To explore new methods of treating Graves′ disease (GD) by targeting thyroid stimulating hormone receptor (TSHR) and intercellular adhesion molecule-1 (ICAM-1).

The small interfering RNA (siRNA) targeting TSHR and the ICAM-1 monoclonal antibody (mAb) were designed and synthesized. Thirty GD model mice were randomly divided into siRNA treatment group, ICAM-1 mAb treatment group, and untreated GD group (10 mice in each group), and 10 normal mice were taken as blank control. Serum thyroxine (T₄), thyroid stimulating hormone (TSH), TSH receptor-stimulating antibody (TSAb) and TSH-stimulation blocking antibody (TSBAb) were measured before and after treatment. At the end of the treatment, body mass and heart rate of mice in each group were measured, and thyroid uptake of ⁹⁹Tc^mO₄^-, thyroid size and pathological changes were evaluated. Independent-sample t test, paired t test and one-way analysis of variance were used to analyze data.

After three treatments, the body mass of mice in siRNA group and ICAM-1 mAb group were significantly lower than that of normal mice (F=3.50, P=0.025); the heart rates of the mice in two groups were significantly lower than that of untreated GD mice (F=24.73, P<0.001). Heart rate of mice treated with siRNA decreased significantly, close to that of normal mice. After treatment, the serum T₄((27.58±1.94) vs (65.71±6.89) μg/L, (27.24±3.50) vs (70.84±8.46) μg/L), TSAb ((331.44±43.38) vs (457.33±45.85) mU/L, (275.16±45.80) vs (443.91±42.32) mU/L) and TSBAb ((13.94±1.11) vs (15.83±5.92) mU/L, (14.59±1.02) vs (17.05±6.16) mU/L) levels of mice in both siRNA group and ICAM-1 mAb group significantly decreased (t values: 4.45-10.87, all P<0.05), while the serum TSH levels of mice in two groups significantly increased ((0.13±0.05) vs (0.04±0.05) mU/L, (1.46±0.34) vs (0.06±0.03) mU/L; t values: -2.22, -5.87, P values: 0.007, <0.001).

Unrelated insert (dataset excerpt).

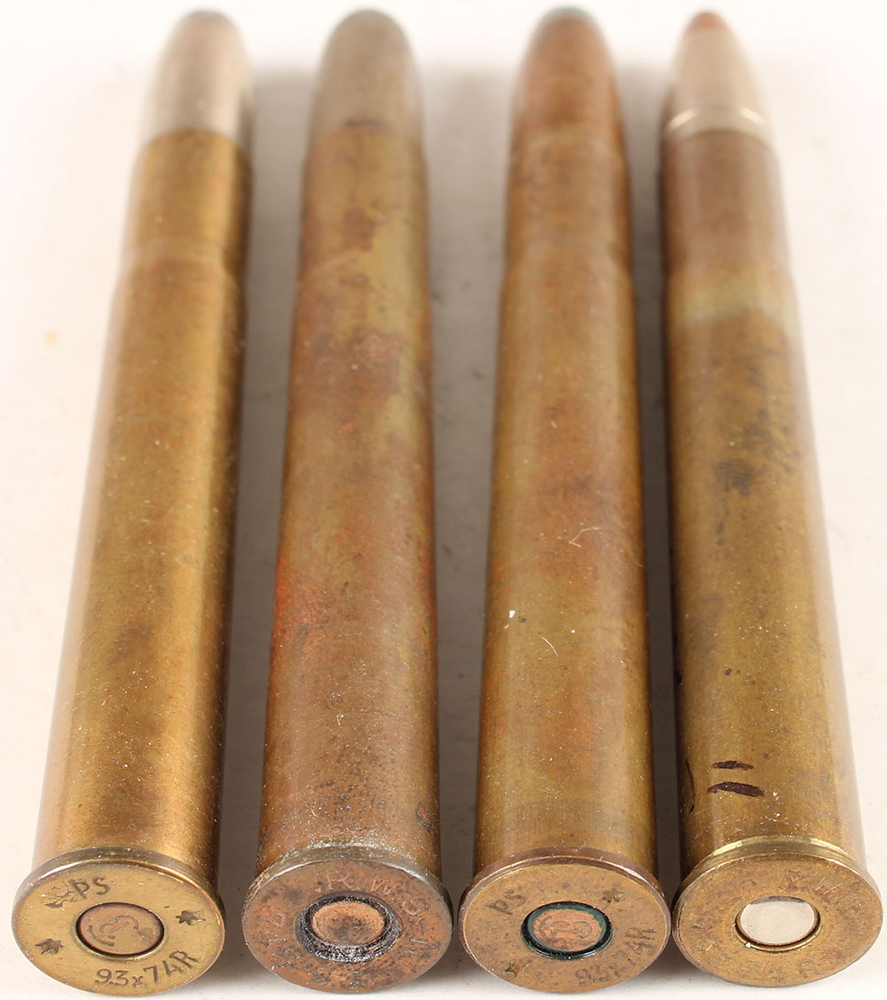 Lot of 4. 9.3x74R. 2 ea by RWS and PS. Different bullet loadings. Grade: Excellent - Value: 10 to 30

The elevated TSH level and decreased TSAb level of mice treated with ICAM-1 mAb were significantly different from those treated with siRNA (t values: 1.03, -1.63, P values: 0.002, 0.031). After treatment, the uptake of ⁹⁹Tc^mO₄^- in part of the thyroid lobes of mice was decreased, and the enlargement degree of the corresponding lobes was reduced. The thyroid pathology of mice in the treated groups showed that the absorption vacuoles of thyroid follicles were reduced, and the phenomenon of thinner colloids was improved. No obvious damage was observed in the heart, liver and kidneys of the mice.

Both the siRNA targeting TSHR and ICAM-1 mAb have therapeutic effects on GD model mice. The siRNA is better at controlling heart rate, and ICAM-1 mAb is better at increasing TSH and decreasing TSAb. Each of the above treatment methods is safe and effective, which can provide new ideas for GD targeted therapy.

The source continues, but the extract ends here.